Reputation: 797
When running the following code (which just prints out file names):
print filename
It throws the following error:
File "myscript.py", line 78, in __listfilenames
print filename
UnicodeDecodeError: 'ascii' codec can't decode byte 0xc3 in position 13: ordinal not in range(128)
So to fix this, I tried changing print filename
to print filename.encode('utf-8')
which didn't fix the problem.
The script only fails when trying read a filename such as Coé.jpg
.
Any ideas how I can modify filename
so the script continues to work when it comes acorss a special character?
NB. I'm a python noob
Upvotes: 1
Views: 1591
Reputation: 1124848
filename
is already encoded. It is already a byte string and doesn't need encoding again.
But since you asked it to be encoded, Python first has to decode it for you, and it can only do that with the default ASCII encoding.

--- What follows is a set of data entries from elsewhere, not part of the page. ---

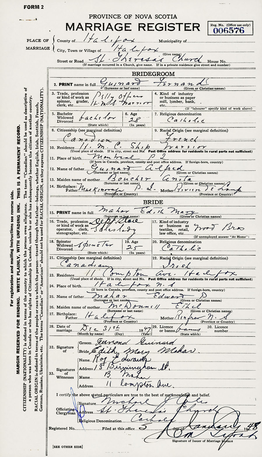 28. Date of marriage December 31 1947 29. By license or banns License 30. License number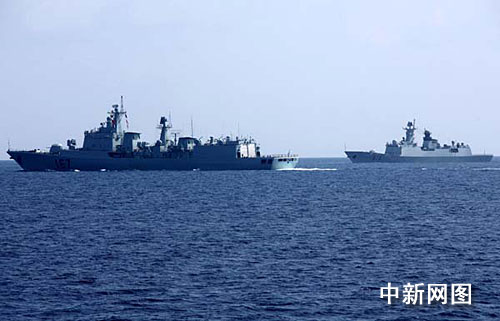 中新網(wǎng)4月13日電 據(jù)中央電視臺報道,中國海軍兩批護航艦艇編隊今日正式會合,并舉行了簡短莊重的會合儀式。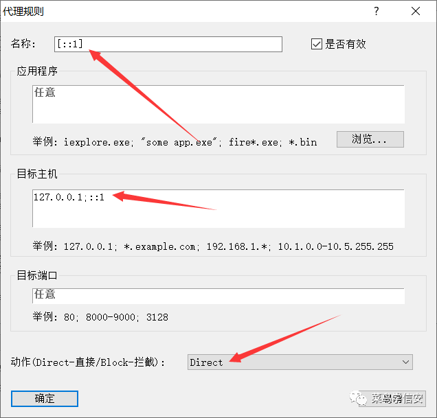 应用程序处点击“浏览”可以设置指定程序,目标端口处可以设置指定端口(一般不设置)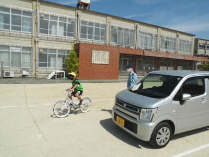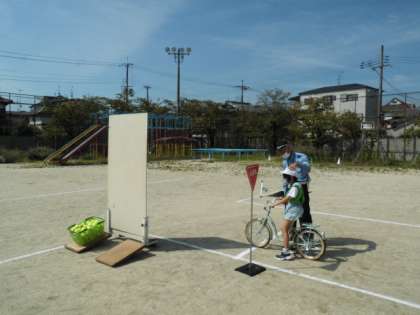 自転車の「発進」「一時停止」「左右前後の確認」「降車」「遅乗り練習」などについて様々な技術を教えていただきました。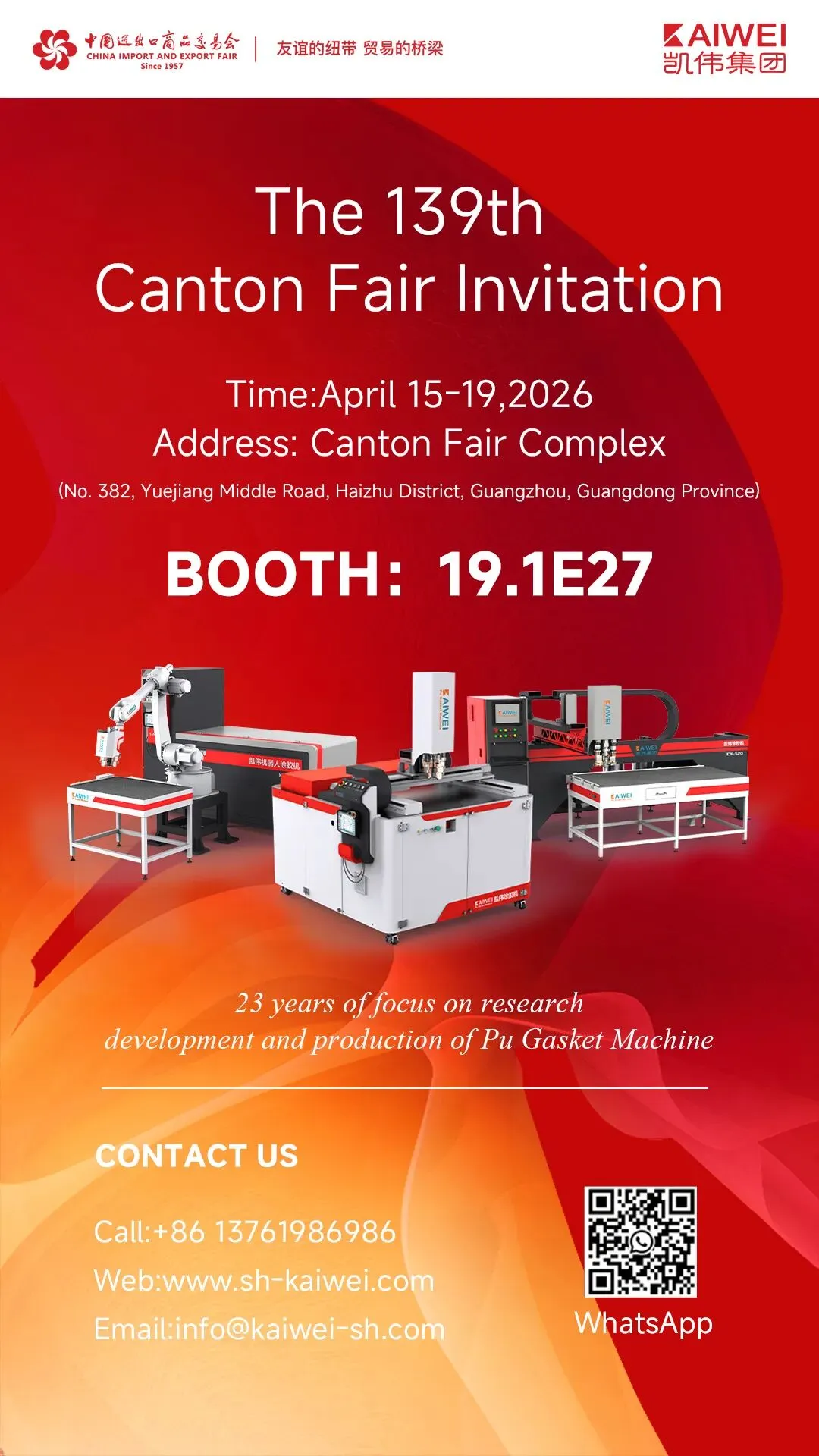 4 月 15 日,为期 5 天的第 139 届中国进出口商品交易会(广交会)将在广州琶洲国际会展中心展开。凯伟集团作为中国工业密封涂胶领域的领军企业,在 19.1E27 展位精彩亮相,面向全球采购商全面展示智能涂胶创新技术与跨场景解决方案。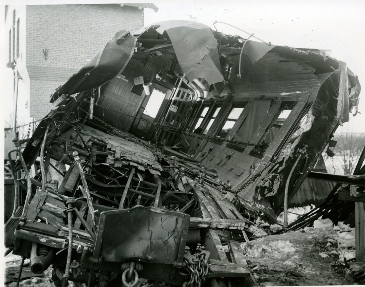 Tågolycka i Holmsveden 1917-02-16. Snälltåg 3048, draget av ånglok SJ B 1324, leddes på grund av en fellagd växel in på ett sidospår och spårade ur.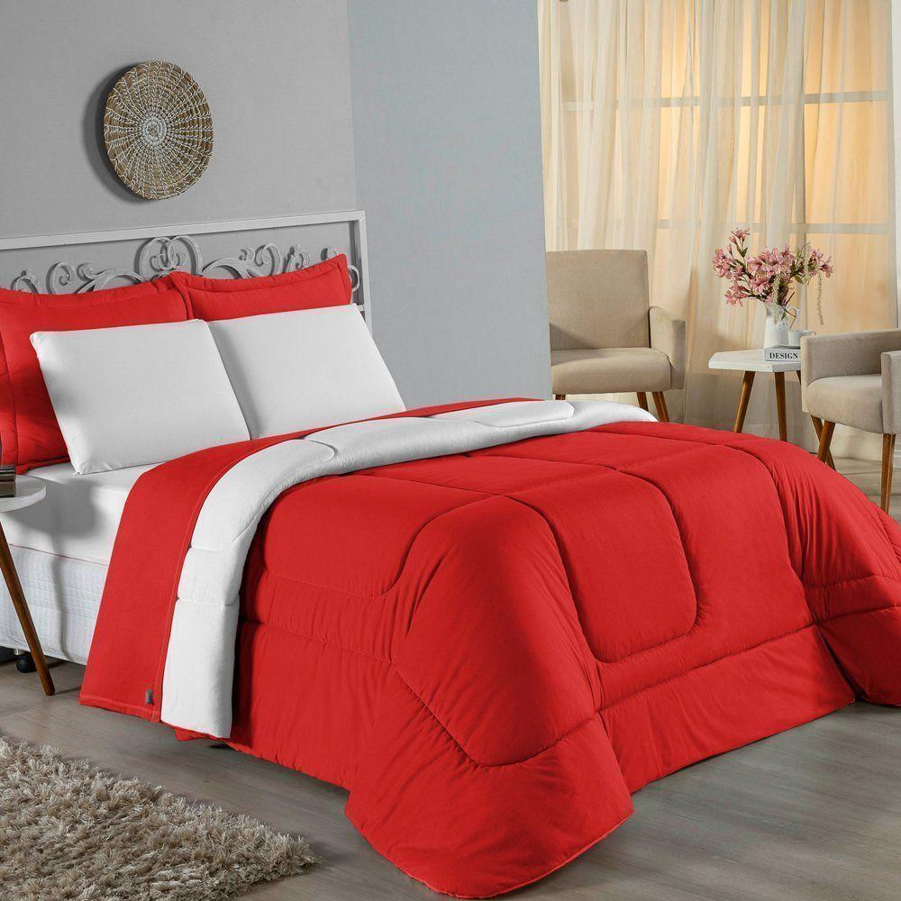 Kit Edredom Dupla Face + Jogo De Lençol Casal Viúva Nobre 7 Peças Malha 100% Algodão - Vermelho / Branco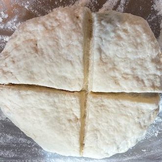 Sieve the dry ingredients. Pour in the buttermilk and mix with a wooden spoon. When the ingredients are more or less amalgamated you can knead the mixture to gather up any loose flour in the bowl. Add another drop of milk or water if it looks too dry. When all the flour has been incorporated turn the mixture onto a floured surface and knead for a few minutes until it becomes ‘elastic’. The put a dusting of flour onto a baking tray, shape the mixture into a round and cut a cross in the top. Bake at 190°/200° for 40 minutes until the bread has formed a nice crust and sounds hollow when tapped on the bottom.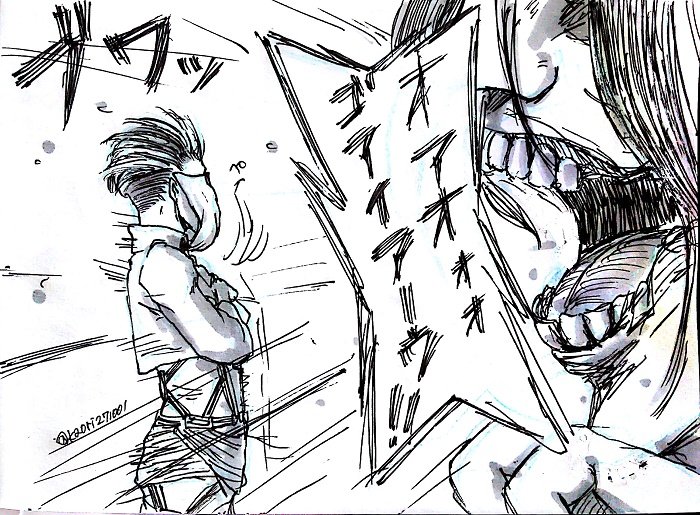 87 511 三億年ぶりに自分の支部の落書き見返してたら気に入ってたチャレンジ出てきた #エレンちゃんの死に急ぎチャレンジ 22/09/04 19:59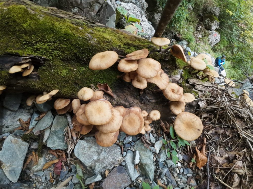 ただ下るだけだと面白くないのでキノコ採り。ミズナラの倒木に「ナラタケ」が生えてました。天気が良かったので悪くない出来です。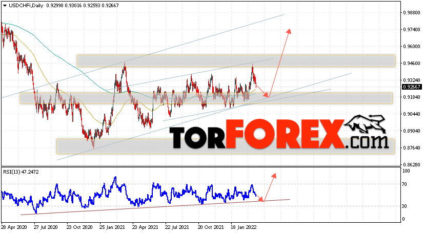 Таким образом, USD/CHF прогноз курса Франка на 28 марта — 1 апреля 2022 предполагает попытку теста уровня поддержки вблизи области 0.9185. Затем, продолжение роста USD/CHF в область выше уровня 0.9755. В пользу подъёма выступит тест линии тренда на индикаторе относительной силы. Отменой варианта роста USD/CHF станет пробой области поддержки и закрытие котировок ниже уровня 0.9105. Это укажет на продолжение падения пары с потенциальной целью ниже уровня 0.8725.

That implicit decoding fails:
>>> 'Coé.jpg'
'Co\xc3\xa9.jpg'
>>> 'Coé.jpg'.decode('utf8')
u'Co\xe9.jpg'
>>> 'Coé.jpg'.decode('utf8').encode('utf8')
'Co\xc3\xa9.jpg'
>>> 'Coé.jpg'.encode('utf8')
Traceback (most recent call last):
File "<stdin>", line 1, in <module>
UnicodeDecodeError: 'ascii' codec can't decode byte 0xc3 in position 2: ordinal not in range(128)

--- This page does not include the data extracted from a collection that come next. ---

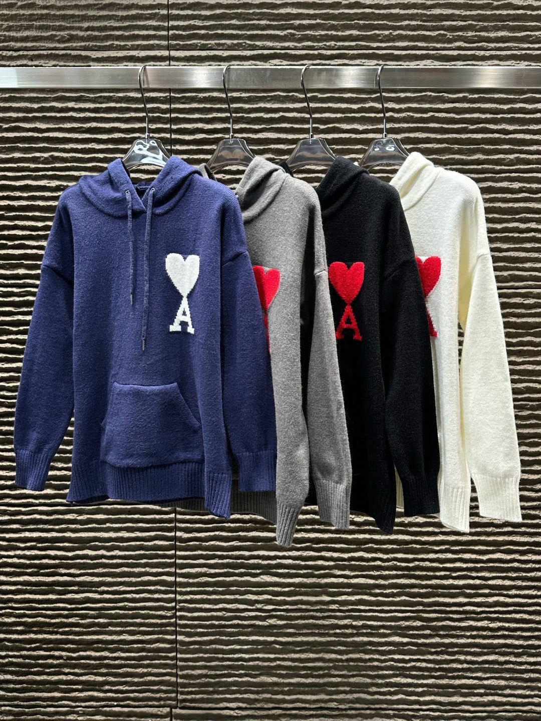 Ami经典A字爱心logo提花连帽长袖针织毛衣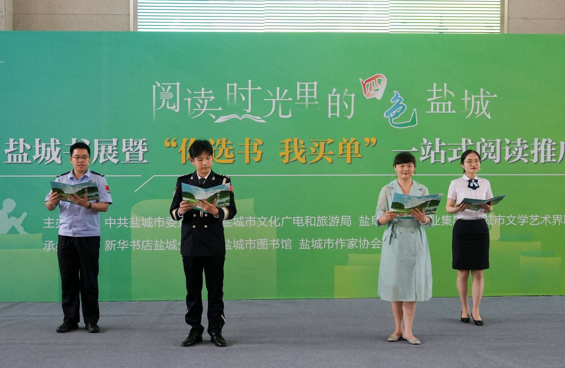 打开一本好书,邂逅一段故事,收获一份感动。活动中,一个个精彩节目将现场气氛推向高潮。《红色血脉》通过穿越时空的对话,生动讲述盐城籍抗日名将陈中柱和赵敬之的故事,展现他们为民族独立而英勇奋斗的崇高精神。此外,《白色海盐》《绿色天地》和《蓝色畅想》等节目,分别从不同角度展现“四色盐城”丰富的历史文化底蕴和蓬勃的发展活力。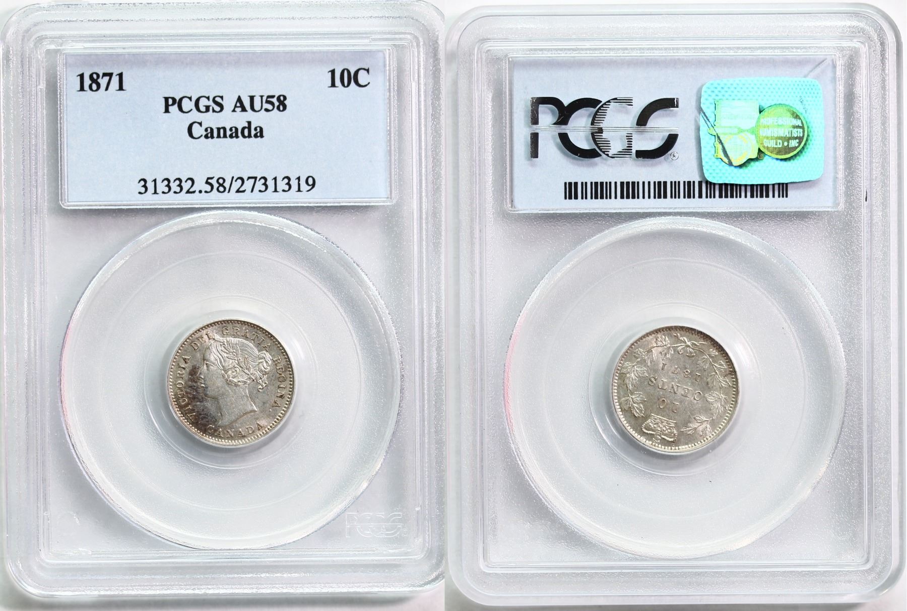 1871 10¢ PCGS Choice About Uncirculated-58 Brilliant and lustrous with a touch of russet tone.

If you wanted encoded bytestrings, you don't have to do any encoding at all. Remove the .encode('utf8')
.
You probably need to read up on Python and Unicode. I recommend:
The Absolute Minimum Every Software Developer Absolutely, Positively Must Know About Unicode and Character Sets (No Excuses!) by Joel Spolsky
Pragmatic Unicode by Ned Batchelder
The rule of thumb is: decode as early as you can, encode as late as you can. That means when you receive data, decode to Unicode objects, when you need to pass that information to something else, encode only then. Many APIs can do the decoding and encoding as part of their job; print
will encode to the codec used by the terminal, for example.
Upvotes: 1